Amazon SageMaker Serverless Inference is the correct solution for deploying an ML model to production in a way that allows a web application to use the model without the need to manage the underlying infrastructure.
Amazon SageMaker Serverless Inference provides a fully managed environment for deploying machine learning models. It automatically provisions, scales, and manages the infrastructure required to host the model, removing the need for the company to manage servers or other underlying infrastructure.
Why Option A is Correct:
No Infrastructure Management: SageMaker Serverless Inference handles the infrastructure management for deploying and serving ML models. The company can simply provide the model and specify the required compute capacity, and SageMaker will handle the rest.
Cost-Effectiveness: The serverless inference option is ideal for applications with intermittent or unpredictable traffic, as the company only pays for the compute time consumed while handling requests.
Integration with Web Applications: This solution allows the model to be easily accessed by web applications via RESTful APIs, making it an ideal choice for hosting the model and serving predictions.
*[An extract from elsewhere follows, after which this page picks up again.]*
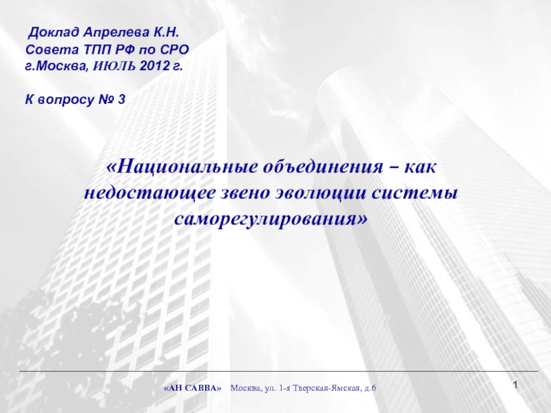 «Национальные объединения – как недостающее звено эволюции системы саморегулирования»

Why Other Options are Incorrect:
B. Use Amazon CloudFront to deploy the model: CloudFront is a content delivery network (CDN) service for distributing content, not for deploying ML models or serving predictions.
C. Use Amazon API Gateway to host the model and serve predictions: API Gateway is used for creating, deploying, and managing APIs, but it does not provide the infrastructure or the required environment to host and run ML models.
D. Use AWS Batch to host the model and serve predictions: AWS Batch is designed for running batch computing workloads and is not optimized for real-time inference or hosting machine learning models.
Thus, A is the correct answer, as it aligns with the requirement of deploying an ML model without managing any underlying infrastructure.